* Given information *
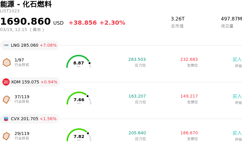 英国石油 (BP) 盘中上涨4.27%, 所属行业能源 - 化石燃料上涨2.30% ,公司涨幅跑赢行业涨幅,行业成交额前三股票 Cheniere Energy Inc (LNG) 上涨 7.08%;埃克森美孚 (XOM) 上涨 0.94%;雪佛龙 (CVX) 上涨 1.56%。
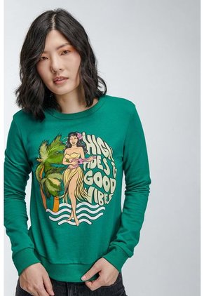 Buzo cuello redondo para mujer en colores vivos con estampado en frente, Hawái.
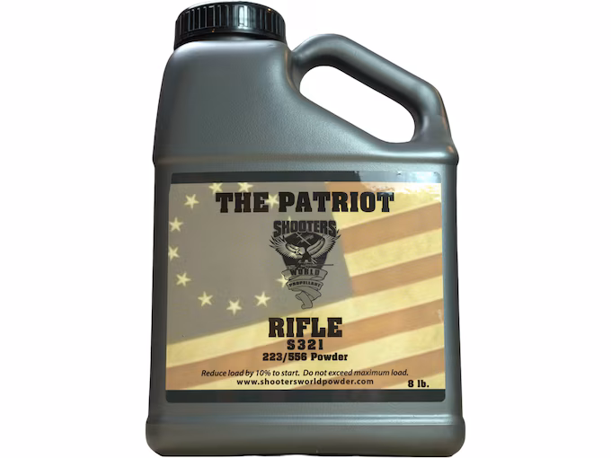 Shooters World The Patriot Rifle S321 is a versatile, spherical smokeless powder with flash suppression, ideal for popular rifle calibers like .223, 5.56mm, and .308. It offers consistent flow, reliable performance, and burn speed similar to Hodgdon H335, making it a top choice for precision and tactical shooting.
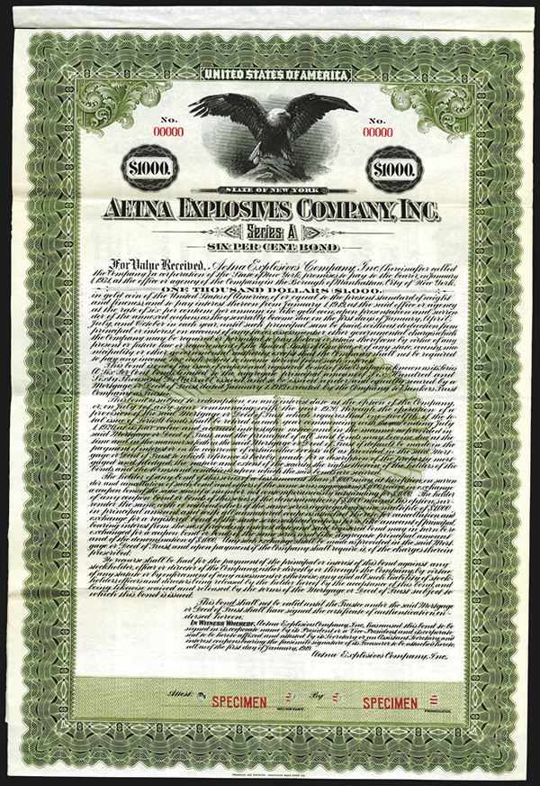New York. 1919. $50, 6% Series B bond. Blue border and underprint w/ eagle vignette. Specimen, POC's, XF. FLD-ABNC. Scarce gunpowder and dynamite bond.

* What is needed *
An exact transcript is required, covering the lines from the one containing "Shooters World The" through the end of the listing above, inclusive, without pictures.

* Your solution *
 Shooters World The Patriot Rifle S321 is a versatile, spherical smokeless powder with flash suppression, ideal for popular rifle calibers like .223, 5.56mm, and .308. It offers consistent flow, reliable performance, and burn speed similar to Hodgdon H335, making it a top choice for precision and tactical shooting.
New York. 1919. $50, 6% Series B bond. Blue border and underprint w/ eagle vignette. Specimen, POC's, XF. FLD-ABNC. Scarce gunpowder and dynamite bond.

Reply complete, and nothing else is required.